USA Today: Hot off ‘The Notebook’ ; Young Rachel McAdams making an exclamation point

USA Today
Published: June 25, 2004

Let all those starlet wannabes heave their overflowing cleavage or flaunt their taut tummies to attract attention.

Rachel McAdams is able to flash a more demure if no less dazzling physical asset: a killer set of dimples.

She shyly accepts the compliment. “I’ll tell my parents,” replies the Canadian-born actress, 25, whose budding film career is about to burst into full bloom. “Although I don’t look much like either one of them. Maybe dimples skip a generation.”

They’re being put to good use here on the set of The Wedding Crashers as she beams at Owen Wilson, whose womanizing bachelor pursues her after barging in on her sister’s marriage ceremony in the comedy due next year. McAdams, who once was a competitive figure skater (“a fairly ruthless sport in terms of time and energy“), proves to be highly coordinated. In take after take, she manages to flirt with Wilson and catch a football at the same time without sacrificing a single nail or losing her brunette wig.
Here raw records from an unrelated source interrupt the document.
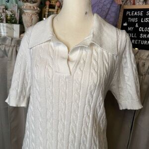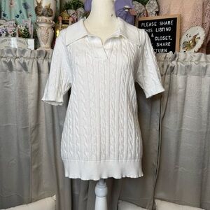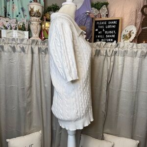 ✨Host Pick!✨White V-Neck Cable Knit Sweater Size Large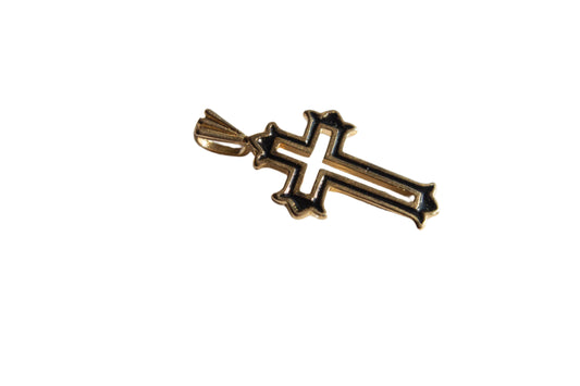 Vintage 14k yellow Gold Black Enamel Inlay Michael Anthony Cross Pendant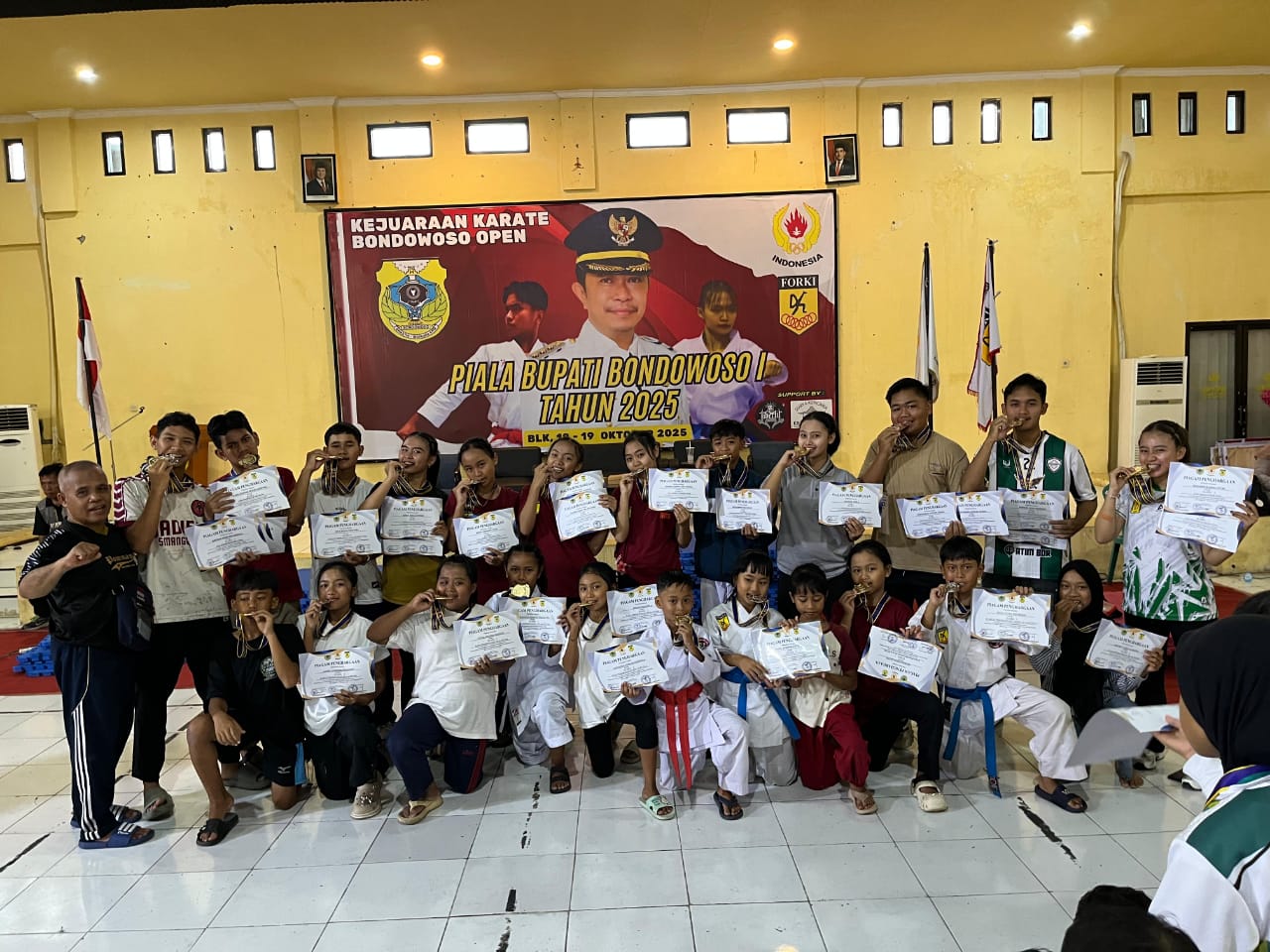 Dispen Kormar (Banyuwangi) PW : Sederet atlit karate binaan Puslatpurmar 7 Lampon berhasil sabet medali kejuaraan, dalam rangka Kejuaraan Karate Nasional (Kejurnas) Karate Forki Jatim Piala Bupati Bondowoso Ke. I Th.2025 di GOR Bondowoso, Senin (20/10/2025). Dalam momen ini karate binaan Puslatpurmar 7 Lampon berhasil menggondol piala dalam kejuaraan Karate Piala Bupati Bondowoso Ta.2025. Diantara atlit tersebut merupakan anak dari anggota Puslatpurmar 7 Lampon 1. M. Ali Akbar (14) Juara I Komite Perorangan Kadet Putra, putra dari Serka Mar Kurniawan 2. Bintang Gemilang Irawan (17) juara I Kata perorangan putra,…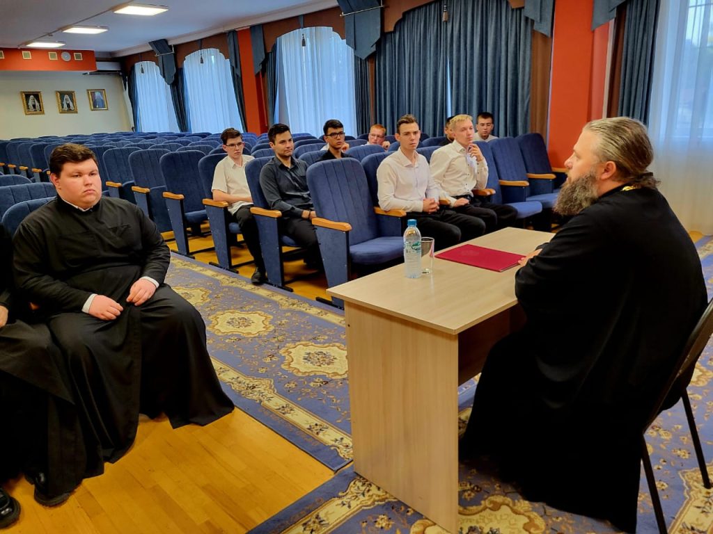 8 сентября 2025 года в актовом зале Донской духовной семинарии в рамках плана воспитательной работы состоялась встреча студентов Богословско-пастырского отделения очной формы обучения с духовником семинарии иеромонахом Никоном (Сандульским).

Wilson, for one, is impressed. “She’s one of the best girls I’ve ever worked with,” he says. “She can make anything sound believable. And she’s easy on the eyes, so that helps, too.”

The dimples barely registered, however, during this year’s hit Mean Girls. Her high school highness Regina is more prone to sneers than smiles as she stings lesser beings with her pseudo-sweet retorts.

But those cheeky indentations are front and center in The Notebook, a heartbreaking Hallmark card of a World War II-era romance that opens today. She lets loose with a lightning storm of emotions sparked by a young girl’s first love in the movie based on Nicholas Sparks’ best seller.

As spirited Southern belle Allie, whose high-society parents disapprove of her blue-collar beau (Ryan Gosling), McAdams will have you laughing at her antics. At one point, she smashes an ice cream cone into Gosling’s face and then proceeds to slurp up the damage. When she feverishly embraces him, it is no mere hug but a full body wrap, legs included.

But her reactions as she evolves from headstrong teen to confused bride-to-be also have the power to move you to Kleenex.

McAdams was determined to play Allie, describing her as “a wild child” who “gobbles up life and can’t get enough of it.”

I thought it would be a dream to be able to do it,” she says. “I read the script and went into the audition just two days later. It was a good way to do it, because I was very full of the story.”

She did her homework before heading to Charleston, S.C., for the shoot. “There are volumes and volumes written about the Southern woman. She is quite a force to be reckoned with.”

Though McAdams is averse to divulging details about her personal life, the single actress understands what Allie is going through even if the events unfold at least a half-century ago.

I can relate to first love,” she says. “You never forget it. It changes who you are more often than not.”

Who she is at the moment is a rising star, one who even is in the running for the plum part of superhero Sue Storm (Invisible Girl) in Fantastic Four. David Dobkin, the director of The Wedding Crashers, considers himself lucky to have snagged McAdams for her first post- Notebook role.

I can’t tell you enough about how talented this girl is,” says the filmmaker, who looked at “every actress on the planet, even Oscar winners,” before choosing her.

So far, McAdams, who attended a summer theater camp in her teens and studied acting at Toronto’s York University, has done more comedy than drama, though that wasn’t her original plan. She was nominated for a supporting Genie (Canada’s version of the Oscar) for 2002’s Pretty Pie, a poignant study of female friendships. That same year, McAdams had the title role in her first Hollywood feature, The Hot Chick, a silly body-switch farce.

Once she is done filming The Wedding Crashers and stops living out of a suitcase, McAdams will have a chance to return home to Toronto. “I’d like to stay in Canada,” she says. “It helps to have the distance. It puts work in its place. It’s been great to develop friendships in Los Angeles and to have a community there. But Canada’s home.”

And The Notebook is likely to assure she has a second home — on screen.